Dans le cadre de son action de sensibilisation à propos du projet de
Convention du Conseil de l'Europe sur la cybercriminalité, IRIS analyse
dans ce document les derniers développements intervenus depuis le mois
de décembre 2000 : nouvelle version du projet de Convention,
déclarations - et absence de déclarations - en France, très récente
Communication de la Commission européenne.
L'action d'IRIS contre le projet de Convention du Conseil de l'Europe se
poursuit, et nous appelons les organisations françaises soucieuses du
respect des droits de l'homme et des libertés publiques à soutenir cette
action en se joignant à la liste des signataires pour dénoncer ce projet
en l'état : http://www.iris.sgdg.org/actions/cybercrime/sign-coe.html.

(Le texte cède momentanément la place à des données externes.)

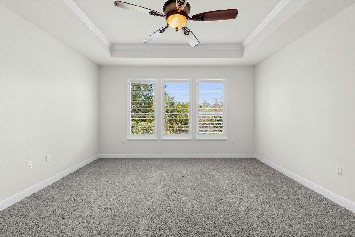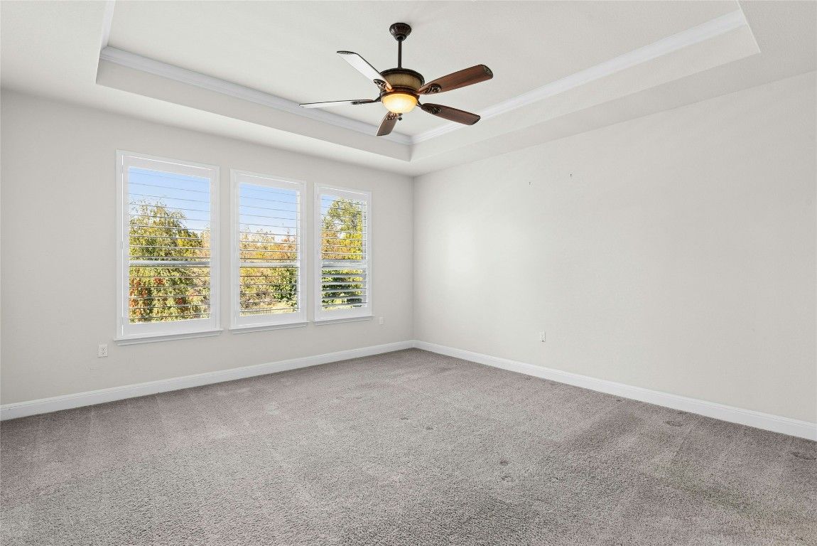 - Breakfast Bar, Built-in Features, Tray Ceiling(s), Ceiling Fan(s), Crown Molding, Separate/Formal Dining Room, Double Vanity, Entrance Foyer, French Door(s)/Atrium Door(s), Granite Counters, High Ceilings, Kitchen Island, Multiple Dining Areas, Main Level Primary, Open Floorplan, Pantry, Recessed Lighting, Storage, Soaking Tub, Walk-In Closet(s), High Speed Internet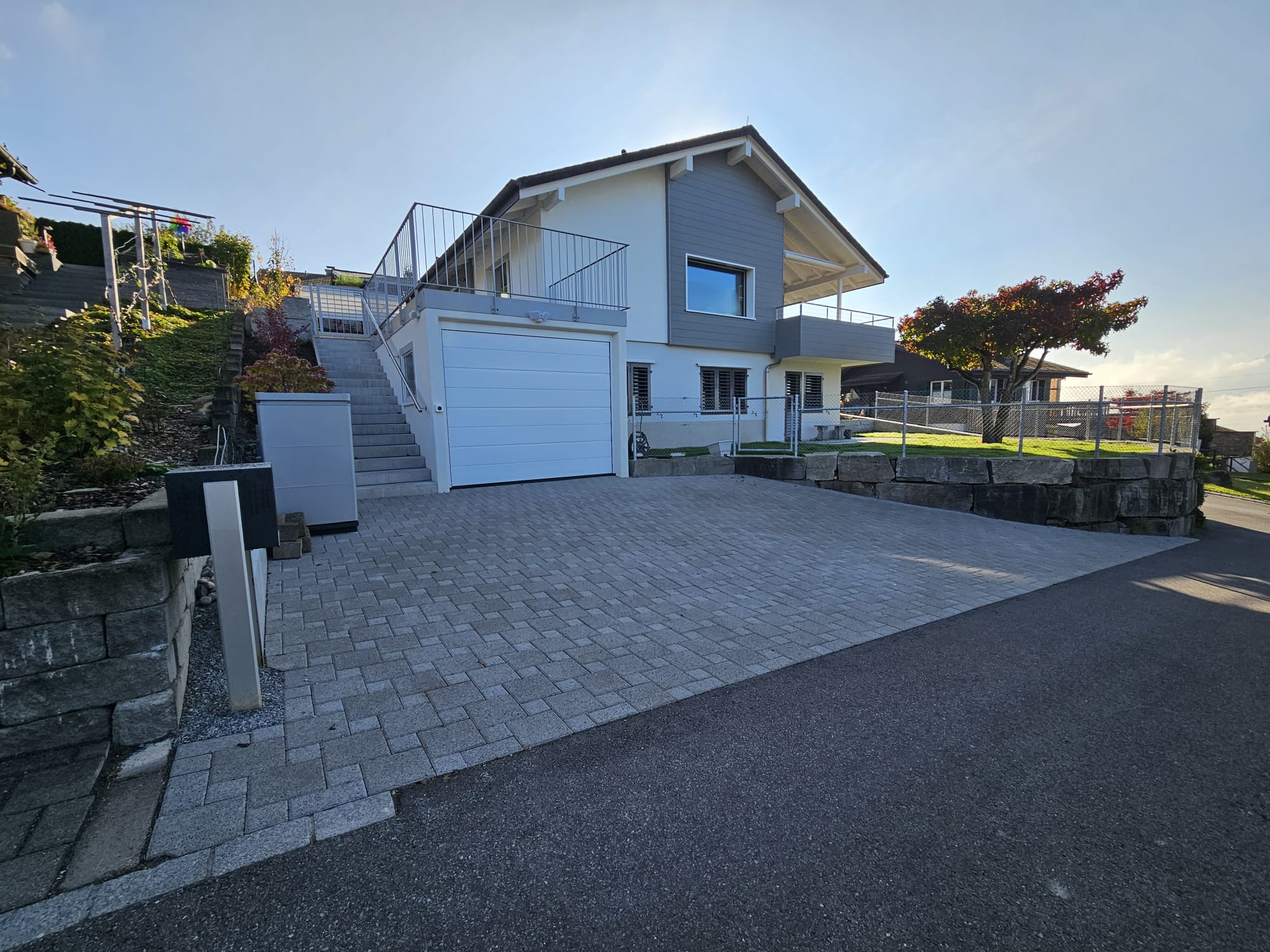Mittlerweile sind wir ca. 6 Monate im Besitz dieser Garagen und die Umgebungsarbeiten sind auch abgeschlossen. Auch ein sehr grosser und breiter Amerikaner SUV hat super Platz in der Garage, sogar die Heckklappe kann spielend in der Garage geöffnet werden, ohne dass sie oben an der Decke anstösst. Vielen Dank nochmals für alles, wir sind super zufrieden und werden Sie gerne weiter empfehlen!!!

Sommaire de ce document intitulé « Cybercriminalité : du danger d'un
projet de "traité fourre-tout" », et disponible sur le web à l'adresse
http://www.iris.sgdg.org/actions/cybercrime/analyse-0201.html :

- Le silence assourdissant du Conseil de l'Europe et de la France
- Première mention de la lutte contre la propagande raciste
- Les dangers persistent
- Limiter le champ d'application du projet
- S'inspirer de la Directive « Télévision sans frontières » pour la
compétence des juridictions
- L'Union européenne entre en scène
- Références

Le comité de rédaction de la lettre électronique « Les Iris ».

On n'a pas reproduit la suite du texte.